Melissa Lucio: 10 Facts You Should Know About This Innocent Woman Facing Execution
Ms. Lucio is facing execution on April 27 for a crime that never occurred.
02.11.22 By Innocence Staff
Updated on April 18, 2022, 7:30 p.m. ET: This article has been updated to reflect the latest news in this case.
Updated on March 25, 2022, 2:30 p.m. ET: This article has been updated to reflect the latest news in this case.
In 2008, Melissa Lucio was sentenced to death in Texas for the murder of her 2-year old daughter Mariah, who died two days after a tragic fall down a flight of stairs. In shock and grieving the loss of her baby — the youngest of her 12 children at the time — Ms. Lucio was taken into police custody and immediately blamed for her daughter’s death.
The State of Texas has scheduled Ms. Lucio’s execution for April 27, for a crime that never occurred. On Feb. 8, attorneys for Ms. Lucio filed a motion to withdraw or modify her looming execution date, and on March 22, her legal team filed a petition for clemency to the governor and Texas Board of Pardons and Paroles. But Ms. Lucio’s life is still in jeopardy. On April 15, Ms. Lucio’s attorneys filed a habeas petition with the Texas Court of Criminal Appeals seeking a stay of her execution and arguing that she deserves a new trial because she is innocent and the State relied on false evidence,and hid favorable evidence, to convict her.

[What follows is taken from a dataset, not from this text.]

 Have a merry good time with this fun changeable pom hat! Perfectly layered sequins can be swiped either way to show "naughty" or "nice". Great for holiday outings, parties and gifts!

Read and share these key facts before Texas makes the irreversible mistake of killing an innocent woman.
1. Mariah’s death was a tragic accident, not a murder.
Mariah fell down a flight of stairs while the family was moving homes on Feb. 15, 2007. The toddler had a mild physical disability that made her unstable while walking and prone to tripping. Two days later, she took a nap and didn’t wake up.

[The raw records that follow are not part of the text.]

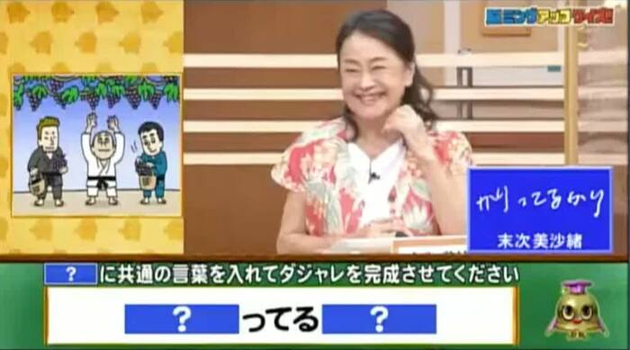 今回の解答者は、タレント・女優の本田理沙さん(50)、歌手のニック・ニューサさん(71)、女優の末次美沙緒さん(67)、ダンサー・振り付け師の真島茂樹さん(?)の4名です。
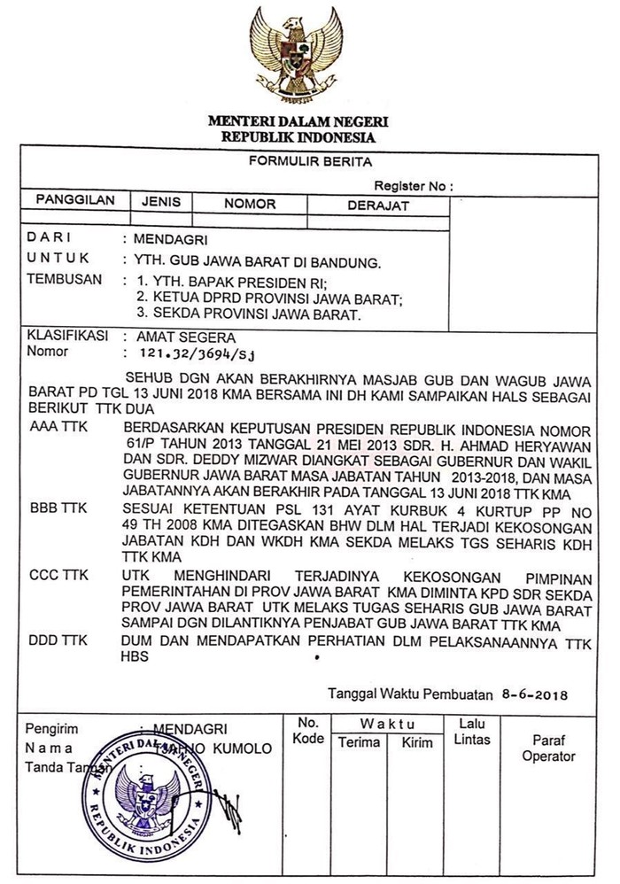 Keputusan menunjuk Iwa sebagai Pj Gubernur Jabar tertuang dalam surat bernomor 121.32/3694/Sj. Surat tersebut diteken Tjahjo per tanggal 8 Juni.
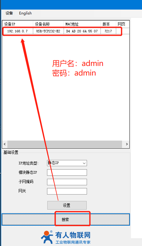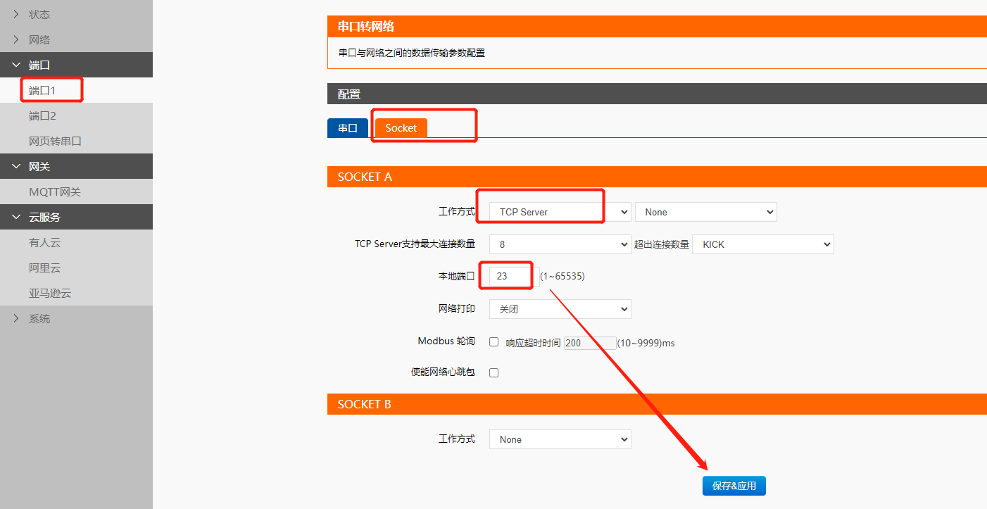 點(diǎn)擊“搜索設(shè)備”當(dāng)搜索列表中出現(xiàn)E2的設(shè)備后,單擊搜索到的設(shè)備,查看其配置信息,設(shè)置模塊的ip,串口參數(shù)跟終端保持一致,Socket工作方式選擇Tcp server,本地端口23,點(diǎn)擊端口設(shè)置保存參數(shù)。
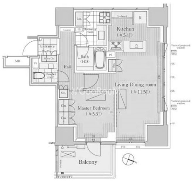 間取り | 1LDK | 専有面積 | 57.32㎡ |
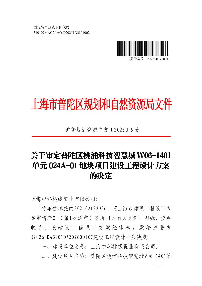 关于审定普陀区桃浦科技智慧城W06-1401单元024A-01地块项目建设工程设计方案的决定

Instead of taking the steps to learn about Mariah’s health history and investigating the causes of her injuries, authorities immediately jumped to the conclusion that she had been murdered and, through a coercive interrogation, pressured Ms. Lucio to make a false statement.

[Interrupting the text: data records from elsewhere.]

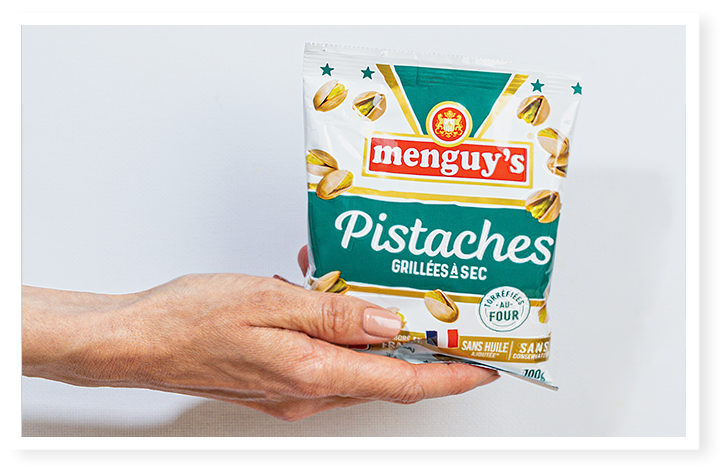 - 50 g de pistaches grillées à sec et salées Menguy’s (décortiquées)
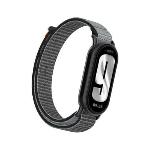 Conector de Metal + Correa Nailon con Cierre Velcro para Xiaomi Smart Band 9/8 (Anclaje Gris)
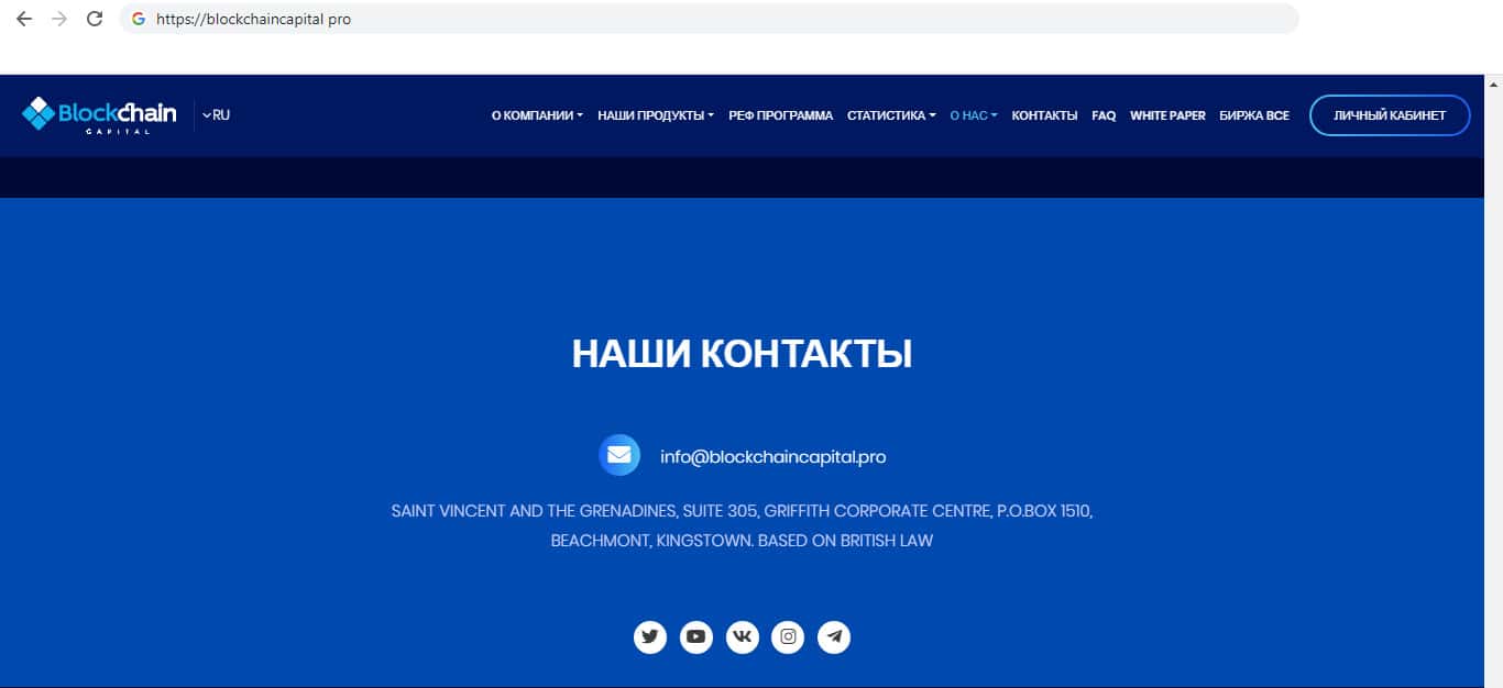 Компания финансовых мошенников BlockchainCapital Pro указала на своём сайте, что фирма зарегистрирована по адресу: SAINT VINCENT AND GRENADINES, SUITE 305, GRIFFITH CORPORATE CENTRE, P.O.BOX 1510, BEACHMONT, KINGSTOWN. BASED ON BRITISH LAW, что является оффшорной зоной, и позволяет разводилам кидать людей на деньги.
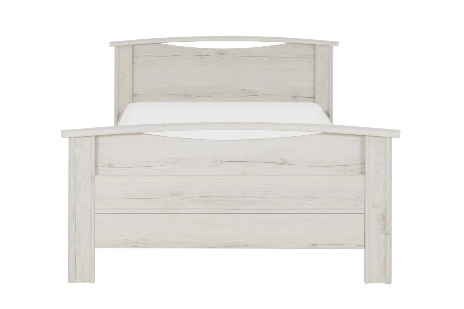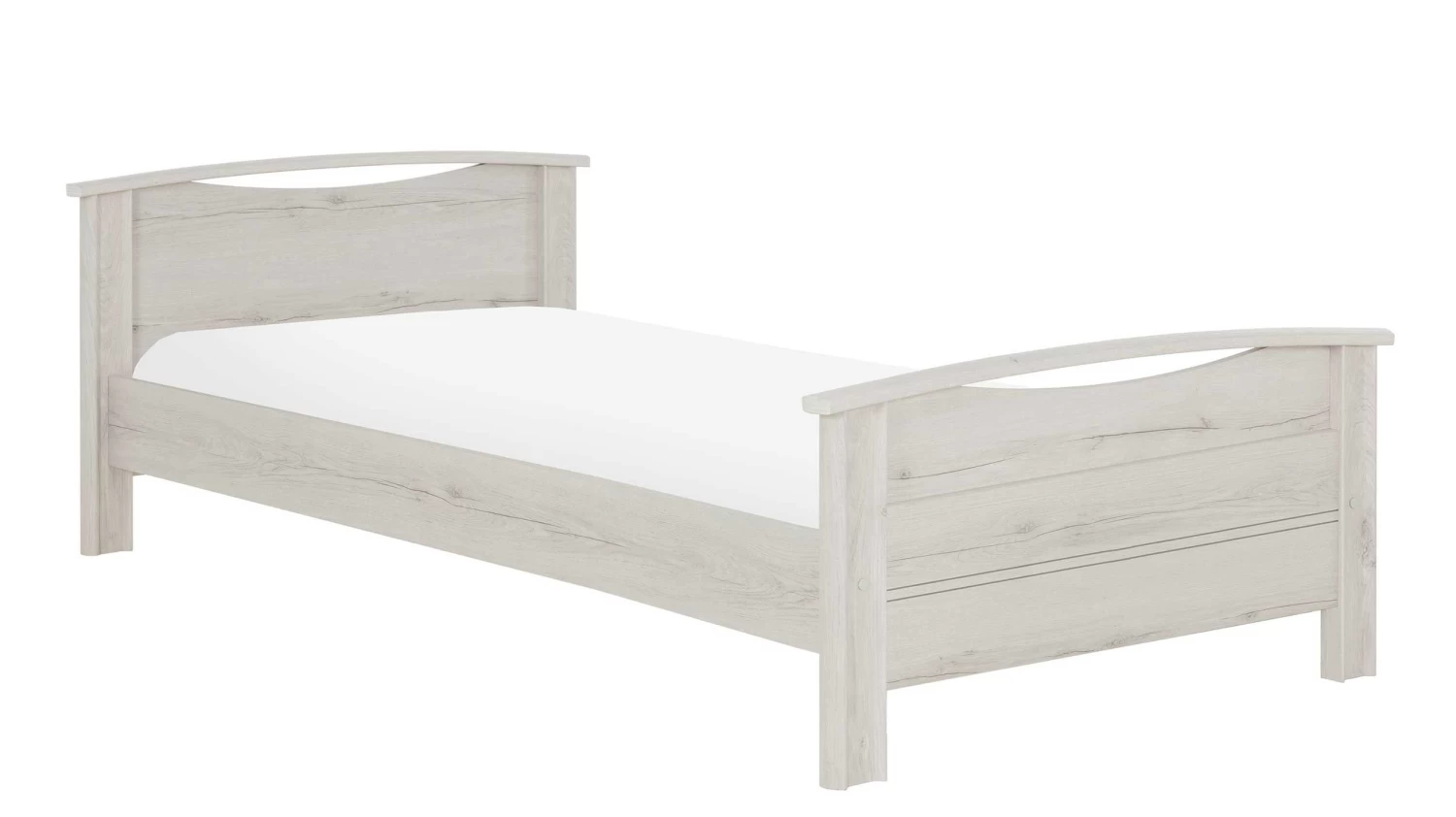 Eenpersoonsbed Morris, geschikt voor een lattenbodem en matras van 120×200 cm. Gemaakt van spaanplaat met imitatieprint van gebleekte helvezia eik. Optioneel: bedlade
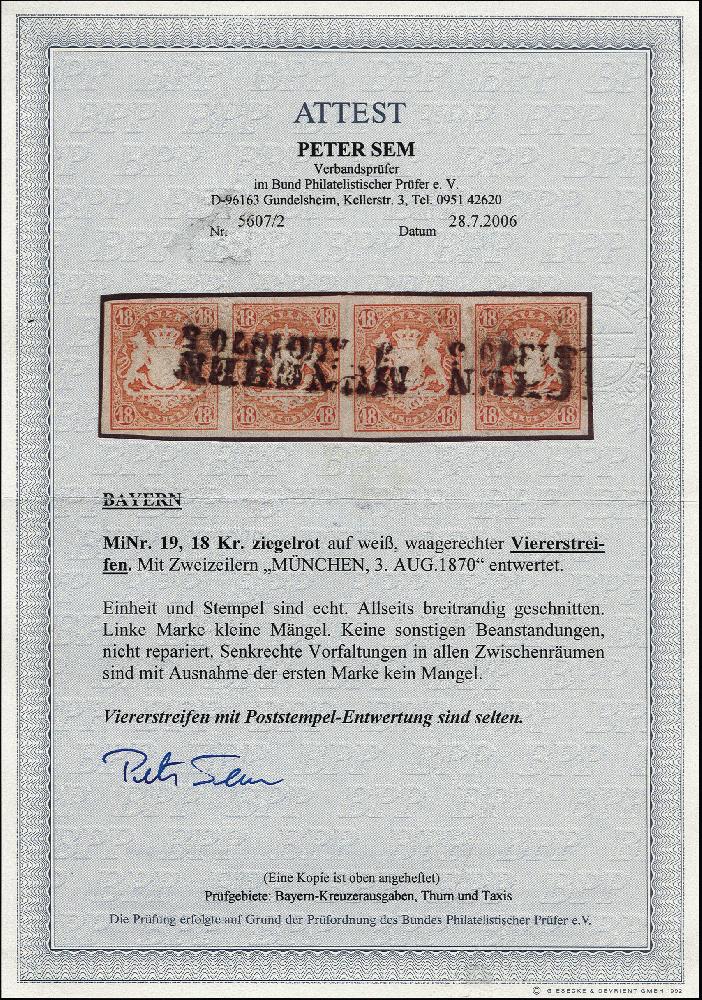 | Prüfer: | Sem, Peter (BPP (Bund Philatelistischer Prüfer)) |

Nearly 1 in 3 exonerated women were wrongly convicted of harming children or other loved ones in their care and over 70% were wrongly convicted of crimes that never took place at all — events that were accidents, deaths by suicide, or fabricated — according to data from the National Registry of Exonerations.
2. Melissa has maintained her innocence for over 14 years.
Ms. Lucio has maintained her innocence on death row for more than 14 years. During her interrogation, Ms. Lucio asserted her innocence more than 100 times, until she was manipulated into falsely taking responsibility for some of Mariah’s injuries by police officers. The interrogating officers refused to hear the truth: that Melissa did not, and would not, ever hurt her children.
3. Melissa was coercively interrogated by police two hours after her daughter died.
Detectives rushed to judgment and, just two hours after Mariah died, took Ms. Lucio in for questioning. During the interrogation, officers berated and intimidated Ms. Lucio, who was pregnant and in shock from the loss of her child, for five hours. They used coercive methods known to produce false confessions. Research has shown that survivors of sexual abuse and violence, like Ms. Lucio, are even more vulnerable to falsely confessing under such coercive conditions. And experts who have reviewed Ms. Lucio’s case, including her interrogation records, have concluded that Ms. Lucio “was relentlessly pressured and extensively manipulated” during the interrogation.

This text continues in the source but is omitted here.